**What you have to do:** Your answer must repeat all of the entries word for word, without any images.

**Exercise material:**
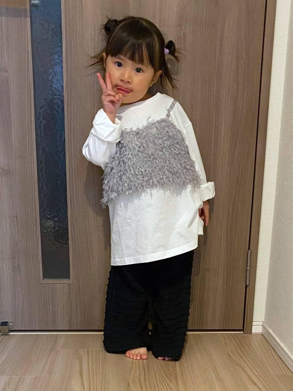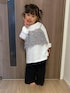 \春のお出かけコーデ/ 大人が着たいくらいのおしゃれな服いっぱい💭 ポコポコした素材の透け感のあるパンツは 90cmの娘には110と大きずきたのでウエストかなり折って穿いてますがまだ床引きずるくらい🙂↕️ 100サイズはネットのみですが、 90サイズの3歳は100がいいです◎ 是非、参考になさってくださいね✨ トップス/110 レギンス/110 ------さくちゃんDATA------ 90cm/3歳/100サイズ着用 🌼🌼🌼 174cm・高身長3兄妹ママの “インしない”体型カバーコーデ👖や、 着回し、丈くらべなど発信しています📡 フォローで毎日の服選びがラクになります◎ ▶ 3兄妹ママのコーデ&日常は
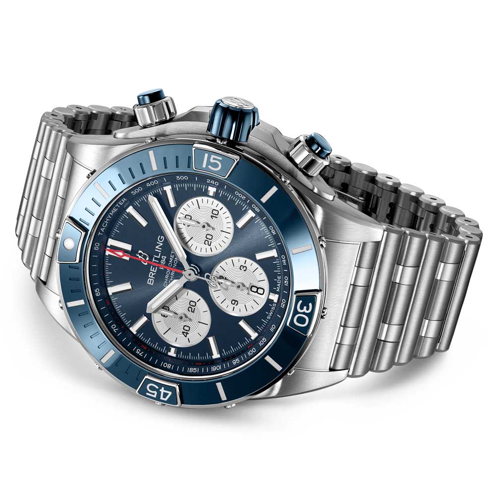 The Super Chronomat is a supercharged. multi-purpose timepiece from Breitling. Inspired by the iconic Chronomat of the 1980s. this bold watch offers various ceramic inserts on its bezel. chronograph pushers and crown. It comes in a range of metals. including stainless steel and 18ct red gold. with a Rouleaux-inspired rubber strap or Rouleaux bracelet and folding clasp. The Super Chronomat B01 44 features the Breitling Manufacture Calibre 01 - a COSC-certified chronometer.
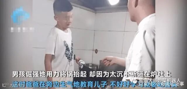 视频中,当父亲让男孩一手拿着笔,一手拿着锅,很明显,男孩拿锅的那只手非常吃力,单手抓锅很难抓起来。而后厨的辛苦却远不止这些。
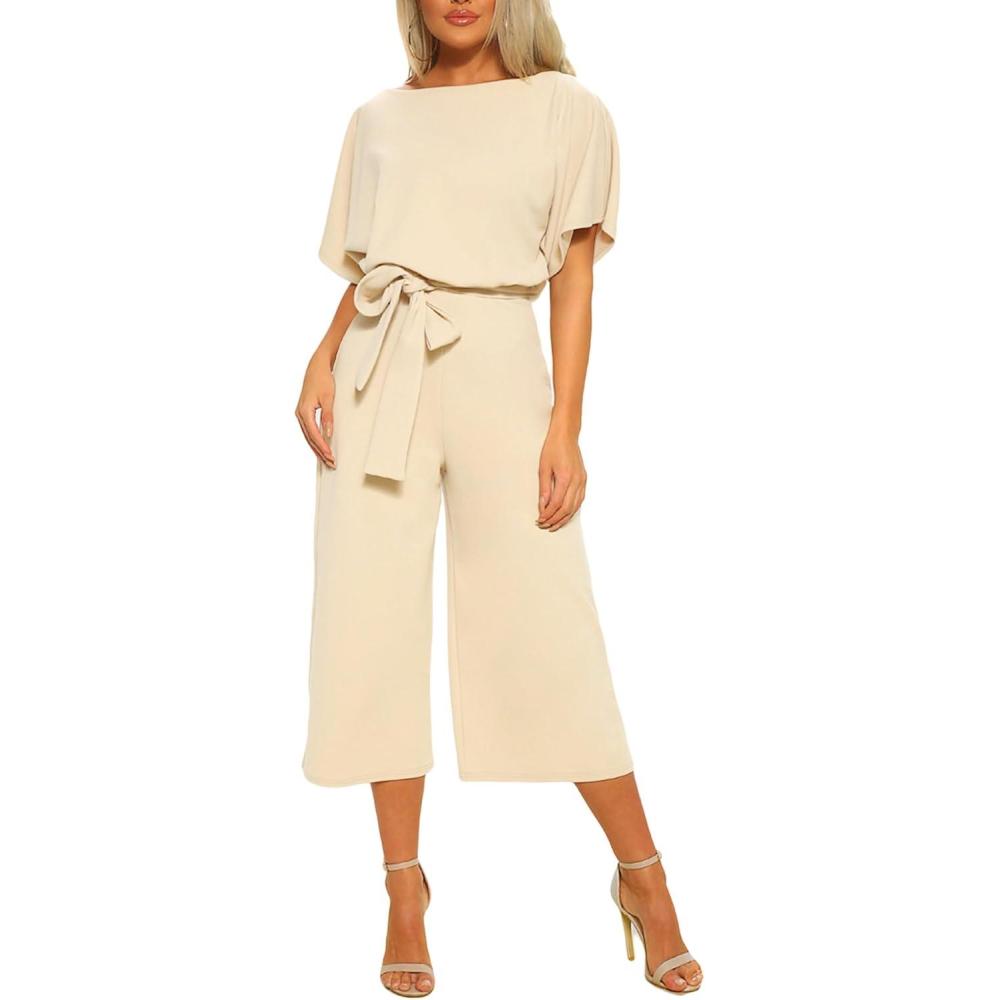 CHARTOU Women’s Short Sleeve Bow Tie Wide Leg Cropped Capri Romper Palazzo Pants Jumpsuit(Beige)
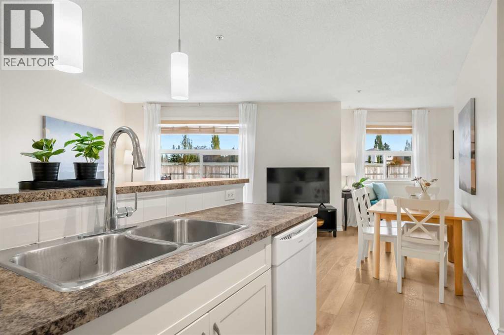 Welcome to #2121–700 Willowbrook Road, located in the vibrant community of Willowbrook, Airdrie! Here you will discover effortless living in this bright and beautifully updated 2-bedroom 2-bath condo which is a perfect blend of comfort, convenience and value. As you enter, you’ll be impressed by the abundance of natural light streaming in from the SOUTH-EAST EXPOSURE. Stylish new vinyl flooring (2024) leads you through a welcoming front entrance, complete with a spacious coat closet featuring built-in shelving. Stepping into the kitchen you will love the open-concept design with generous storage, a pantry, a NEW DISHWASHER (2024) and a large island with room for bar stools, creating the ideal setting for casual meals or entertaining. Just off the kitchen is space for a formal dining table, a RARE feature in apartment living. The living room is bright and inviting, with plenty of room for friends, family and nights in. This versatile living space offers many ways to layout your furniture, with the option to mount your TV on the wall with swivel to be visible from the sofa and the kitchen. A notable feature is that the entire unit has been FRESHLY PAINTED (October 2025) in a beautiful off-white tone that enhances the natural light. The primary bedroom is a true retreat. It features a large WALK-IN CLOSET with built-in shelves, plus an additional closet with bi-fold doors that can serve as extra storage or linen space. The four-piece ensuite bathroom includes a new toilet (2025). The room easily accommodates a king-sized bed with plenty of space to spare and offers a large window overlooking the private balcony. A SECONDARY BEDROOM with a large window provides versatility and can serve as a guest room, office or fitness space. A second three-piece bathroom with a stand-up shower, new toilet (2025) and convenient IN-SUITE LAUNDRY complete this well-designed home. For added peace of mind, the BOILER SYSTEM for the IN-FLOOR HEATING was REPLACED in (2024). Stay warm in th e winter months with your TITLED, UNDERGROUND PARKING STALL. There is also an abundance of outdoor VISITOR PARKING for your friends and family to visit. The condo fees conveniently include everything except electricity (covering heat, water, landscaping, snow removal, professional management & more). Living in Willowbrook means having the best of both worlds - easy access to all of your essential amenities nearby including Main Street, Shoppers, Sobeys, Original Joes, Good Earth and more. From your building, you can also step right into the extensive walking paths of NOSE CREEK PARK to enjoy all year round, ideal for pet owners. A standout feature is the complex’s FLEXIBLE PET FRIENDLY POLICIES, offering peace of mind for pet owners. Whether you're a first-time home buyer, downsizing, or an investor searching for a fantastic move-in ready home, you have found it here. This apartment offers exceptional value with its recent updates, thoughtful layout and inclusive condo fees. Book today! (id:55577)

**Result of this task:**
 \春のお出かけコーデ/ 大人が着たいくらいのおしゃれな服いっぱい💭 ポコポコした素材の透け感のあるパンツは 90cmの娘には110と大きずきたのでウエストかなり折って穿いてますがまだ床引きずるくらい🙂↕️ 100サイズはネットのみですが、 90サイズの3歳は100がいいです◎ 是非、参考になさってくださいね✨ トップス/110 レギンス/110 ------さくちゃんDATA------ 90cm/3歳/100サイズ着用 🌼🌼🌼 174cm・高身長3兄妹ママの “インしない”体型カバーコーデ👖や、 着回し、丈くらべなど発信しています📡 フォローで毎日の服選びがラクになります◎ ▶ 3兄妹ママのコーデ&日常は
 The Super Chronomat is a supercharged. multi-purpose timepiece from Breitling. Inspired by the iconic Chronomat of the 1980s. this bold watch offers various ceramic inserts on its bezel. chronograph pushers and crown. It comes in a range of metals. including stainless steel and 18ct red gold. with a Rouleaux-inspired rubber strap or Rouleaux bracelet and folding clasp. The Super Chronomat B01 44 features the Breitling Manufacture Calibre 01 - a COSC-certified chronometer.
 视频中,当父亲让男孩一手拿着笔,一手拿着锅,很明显,男孩拿锅的那只手非常吃力,单手抓锅很难抓起来。而后厨的辛苦却远不止这些。
 CHARTOU Women’s Short Sleeve Bow Tie Wide Leg Cropped Capri Romper Palazzo Pants Jumpsuit(Beige)
 Welcome to #2121–700 Willowbrook Road, located in the vibrant community of Willowbrook, Airdrie! Here you will discover effortless living in this bright and beautifully updated 2-bedroom 2-bath condo which is a perfect blend of comfort, convenience and value. As you enter, you’ll be impressed by the abundance of natural light streaming in from the SOUTH-EAST EXPOSURE. Stylish new vinyl flooring (2024) leads you through a welcoming front entrance, complete with a spacious coat closet featuring built-in shelving. Stepping into the kitchen you will love the open-concept design with generous storage, a pantry, a NEW DISHWASHER (2024) and a large island with room for bar stools, creating the ideal setting for casual meals or entertaining. Just off the kitchen is space for a formal dining table, a RARE feature in apartment living. The living room is bright and inviting, with plenty of room for friends, family and nights in. This versatile living space offers many ways to layout your furniture, with the option to mount your TV on the wall with swivel to be visible from the sofa and the kitchen. A notable feature is that the entire unit has been FRESHLY PAINTED (October 2025) in a beautiful off-white tone that enhances the natural light. The primary bedroom is a true retreat. It features a large WALK-IN CLOSET with built-in shelves, plus an additional closet with bi-fold doors that can serve as extra storage or linen space. The four-piece ensuite bathroom includes a new toilet (2025). The room easily accommodates a king-sized bed with plenty of space to spare and offers a large window overlooking the private balcony. A SECONDARY BEDROOM with a large window provides versatility and can serve as a guest room, office or fitness space. A second three-piece bathroom with a stand-up shower, new toilet (2025) and convenient IN-SUITE LAUNDRY complete this well-designed home. For added peace of mind, the BOILER SYSTEM for the IN-FLOOR HEATING was REPLACED in (2024). Stay warm in th e winter months with your TITLED, UNDERGROUND PARKING STALL. There is also an abundance of outdoor VISITOR PARKING for your friends and family to visit. The condo fees conveniently include everything except electricity (covering heat, water, landscaping, snow removal, professional management & more). Living in Willowbrook means having the best of both worlds - easy access to all of your essential amenities nearby including Main Street, Shoppers, Sobeys, Original Joes, Good Earth and more. From your building, you can also step right into the extensive walking paths of NOSE CREEK PARK to enjoy all year round, ideal for pet owners. A standout feature is the complex’s FLEXIBLE PET FRIENDLY POLICIES, offering peace of mind for pet owners. Whether you're a first-time home buyer, downsizing, or an investor searching for a fantastic move-in ready home, you have found it here. This apartment offers exceptional value with its recent updates, thoughtful layout and inclusive condo fees. Book today! (id:55577)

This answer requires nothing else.